Communities have begun to honor lynching victims who had remained invisible due to racial injustice and inequities. The Governor of Virginia created the Commission on African American History Education and tasked the committee with reviewing and recommending comprehensive improvements to how African American history is taught in Virginia schools. Leaders at the state and local level, as well as community members, are demanding that painful histories are included in the curriculum.

Since the inception of the Racial Terror website, Dr. De Fazio has invited interested parties to engage with his research and materials in creative ways that produce new knowledge. At James Madison University, a group of interdisciplinary colleagues from the College of Education, Justice Studies, and the Libraries worked collaboratively with graduate students to write lesson plans centered on lynchings in Jim Crow Virginia. Dr. Taylor Jaffee, the Social Studies methods instructor, and Dr. Cancienne, the English methods instructor, designed and implemented a Racial Terror Lesson Plan assignment in their high school methods courses in the fall of 2020. The courses included 48 graduate students. Their lesson plans will be shared openly on OER Commons and the Racial Terror in Virginia website.

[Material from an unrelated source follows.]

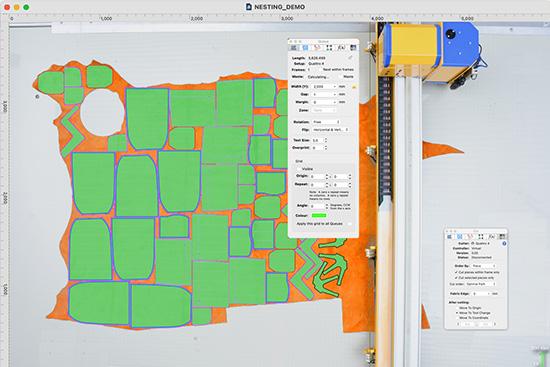 Perhaps the standout feature is Tangent's integration with SiliconEye, Aeronaut's whole table machine vision and digitising system. Used for interactive nesting, pattern tracing, nesting into enclosed and irregular shapes such as scraps and leather hides, SiliconEye is an incredibly powerful tool and an essential add-on to any automated cutter.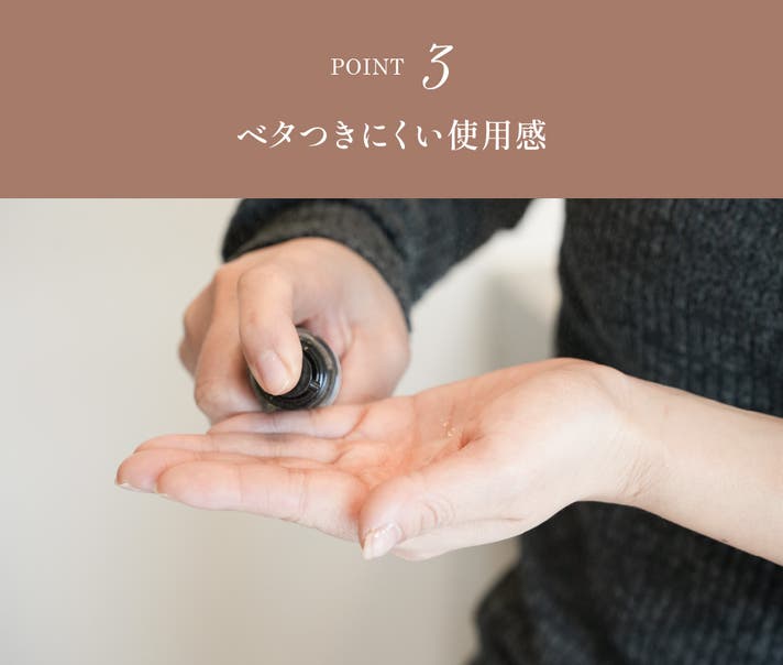 A. ベタつきにくい使用感にこだわっています。朝の支度中でも使いやすいよう設計しています。 ※使用感には個人差があります。

The “Teaching Hard Histories for Racial Healing: Lynching in Virginia Curriculum Project” seeks to provide curriculum development, professional learning experiences, and program evaluation for current 9th through 12th grade Social Studies and English teachers on lynching in Virginia. The project builds on recently approved edits to the 2022 Virginia Standards of Learning for K-12 History & Social Sciences. These changes center African American history throughout the curriculum. The learning experiences of pre-service teachers are grounded in authentic and open authorship and serves as an opportunity to explore the role of open resources in education. Pre-service teachers will benefit from these experiences as they enter the workforce.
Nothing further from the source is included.